English English or American English? As long as the meaning is clear and not completely the wrong word it doesn’t matter.

As examples of the wrong word I’ve several times read American writers say something similar to, “he drug her across the room” instead of “he dragged her across the room“ and, with one recent exception, I was thanked for mentioning it. The other one that occurs is referring to testicles as being in a “sack” instead of “sac” but I think that applies to writers of all nationalities.

I’ve read many books by American writers and the fact that some words are spelled differently, and wanting to purchase a rubber in a stationery store in the USA gets an entirely different reaction from wanting to purchase one in the UK, doesn’t usually make much, if any, difference.

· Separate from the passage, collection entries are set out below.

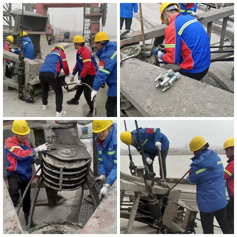 門機(jī)是港口裝卸作業(yè)的“主力軍”,而鋼絲繩作為關(guān)鍵部件,其安全性直接關(guān)聯(lián)作業(yè)效率。一季度,港區(qū)設(shè)備保障團(tuán)隊利用生產(chǎn)間隙,對港區(qū)1#門機(jī)的鋼絲繩開展更換。面對時間緊、任務(wù)重的挑戰(zhàn),團(tuán)隊創(chuàng)新采用“分段式拆裝+滑輪組輔助”工藝,成功將單臺設(shè)備更換時間壓縮20%,并同步完成潤滑保養(yǎng)和隱患排查工作。設(shè)備組組長邱師傅介紹:“我們提前模擬操作流程,細(xì)化每個環(huán)節(jié),抓住門機(jī)使用空檔期,確保‘換繩不停產(chǎn)’。”更換后,門機(jī)故障率下降20%,裝卸效率提升10%,為沖刺生產(chǎn)目標(biāo)提供了堅實保障
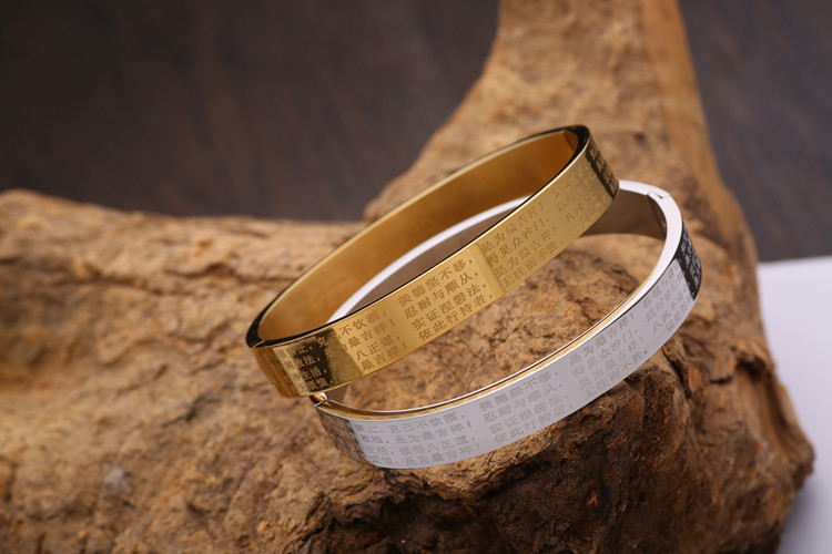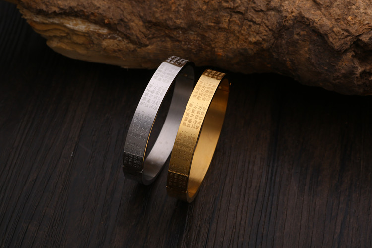 開光結緣佛教佛說吉祥經鈦鋼手鐲男女士情侶手鐲復古飾品鐲子手環1入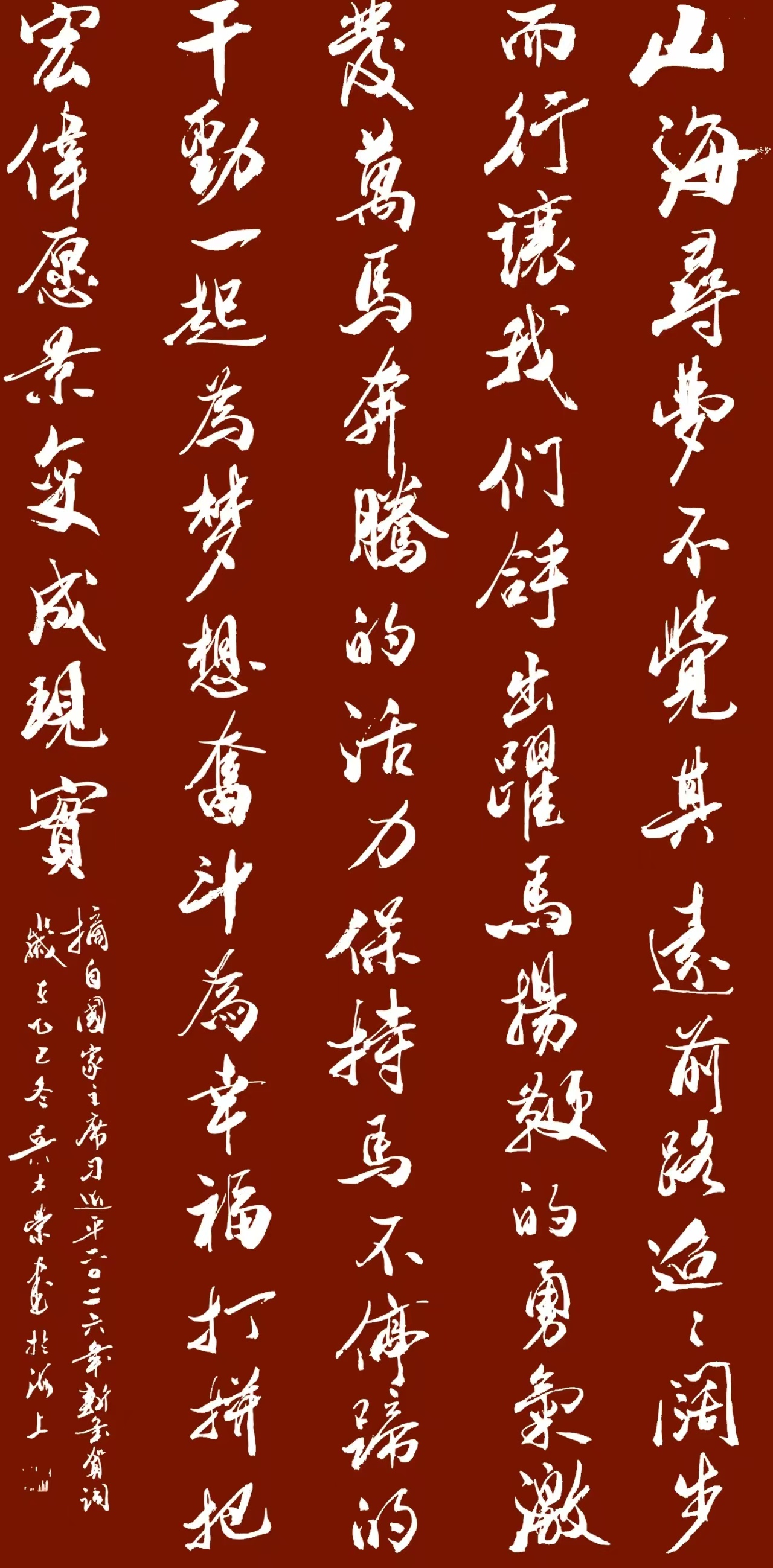 让我们拿出跃马扬鞭的勇气,激发万马奔腾的活力,保持马不停蹄的干劲,一起为梦想奋斗、为幸福打拼,把宏伟愿景变成美好现实。

It doesn’t take a degree to work out that a sidewalk is a pavement or a boot is a trunk. If you’re unsure there are plenty of search engines where you can find the answer in seconds.

I’ve spent a lot of time in the US over the years and spent many hilarious moments in respect of the different ways of pronouncing the same word.
Personally, I've never had a problem with this. Maybe it's because I've been exposed to a lot of people from a lot of different places, both in the US and abroad. I've heard that the English and the Americans are two peoples separated only by a common language... Maybe there's something to that.